- _THE TASK_
Return all of the data that follows precisely, leaving every image out.

- _Dataset items_

****************************************

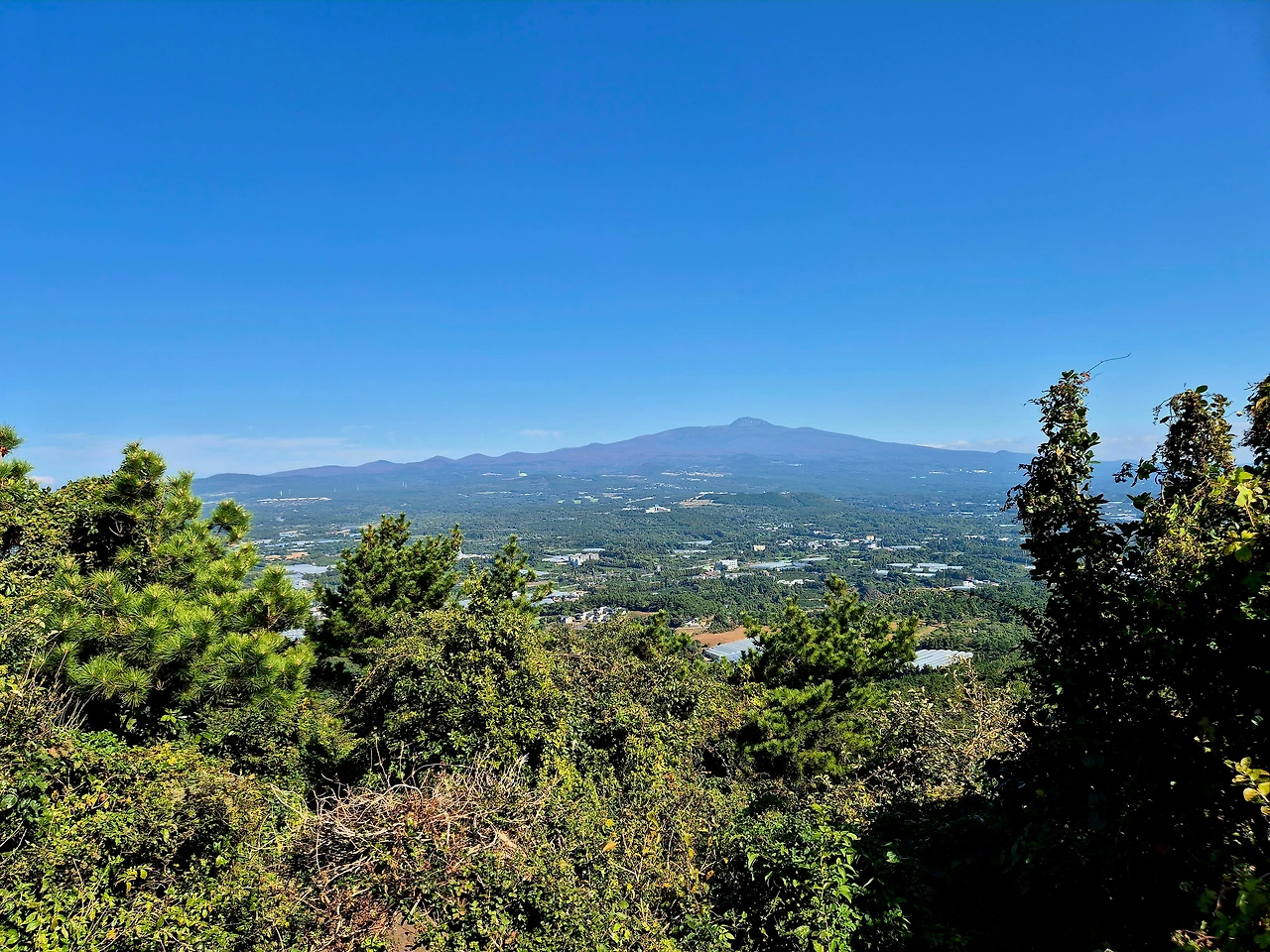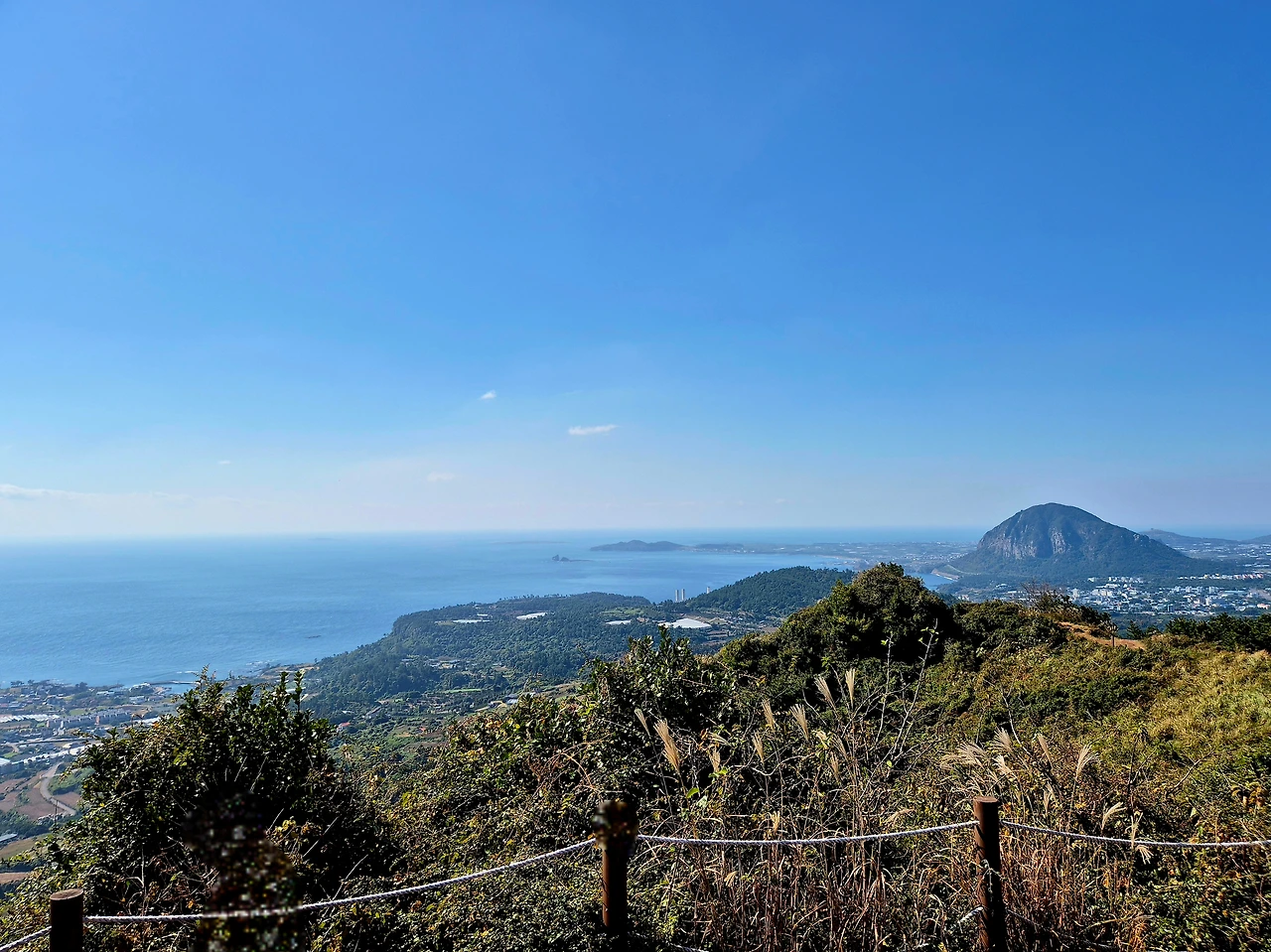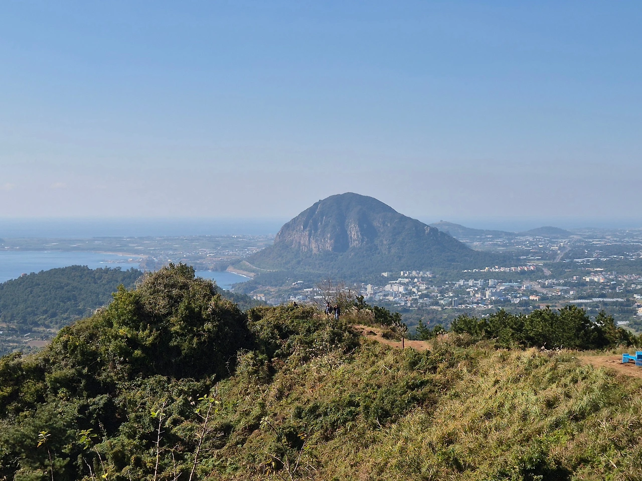 정상에 서면 서귀포의 푸른 바다, 반대편으로는 한라산 능선과 겹겹의 오름들이 펼쳐진다.
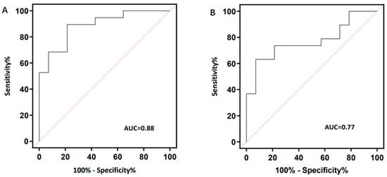 Receiver operating characteristic (ROC) curves and corresponding area under the curve (AUC) values of PDFF (A) and D values (B) between normal and osteoporosis.
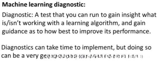 在机器学习领域中,这类方法被称为"机器学习诊断技术"。所谓"机器学习诊断技术"的核心在于,它是一种用于评估和优化算法性能的方法。通过实施这一评估机制,我们可以深入理解某种算法的有效性。此外,这也为我们提供了关键的指导原则:在优化算法时应采取哪些策略才能取得最佳效果?实施这些评估机制往往需要投入大量时间和资源,但总体而言,这些工作投入产出比很高。
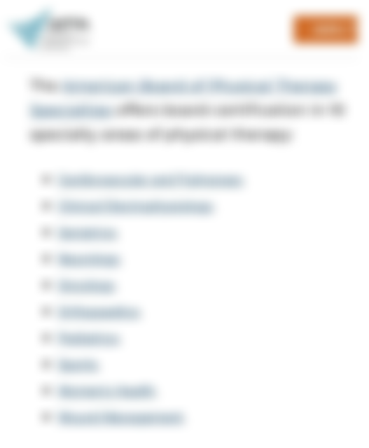 根據美國物理治療學會(American Physical Therapy Association, APTA)的制定,目前共計九大專科認證:
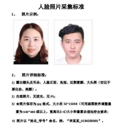 根据公司安排,校园门禁系统采用面部识别的方式予以通行,为保证大家能够正常出入,现收集人脸信息,请同学们按要求提供。因未提供电子照片或电子照片不符合要求无法进入校园参加教学活动的,按旷课处理。

****************************************

- _ANSWER TO THIS EXERCISE_
 정상에 서면 서귀포의 푸른 바다, 반대편으로는 한라산 능선과 겹겹의 오름들이 펼쳐진다.
 Receiver operating characteristic (ROC) curves and corresponding area under the curve (AUC) values of PDFF (A) and D values (B) between normal and osteoporosis.
 在机器学习领域中,这类方法被称为"机器学习诊断技术"。所谓"机器学习诊断技术"的核心在于,它是一种用于评估和优化算法性能的方法。通过实施这一评估机制,我们可以深入理解某种算法的有效性。此外,这也为我们提供了关键的指导原则:在优化算法时应采取哪些策略才能取得最佳效果?实施这些评估机制往往需要投入大量时间和资源,但总体而言,这些工作投入产出比很高。
 根據美國物理治療學會(American Physical Therapy Association, APTA)的制定,目前共計九大專科認證:
 根据公司安排,校园门禁系统采用面部识别的方式予以通行,为保证大家能够正常出入,现收集人脸信息,请同学们按要求提供。因未提供电子照片或电子照片不符合要求无法进入校园参加教学活动的,按旷课处理。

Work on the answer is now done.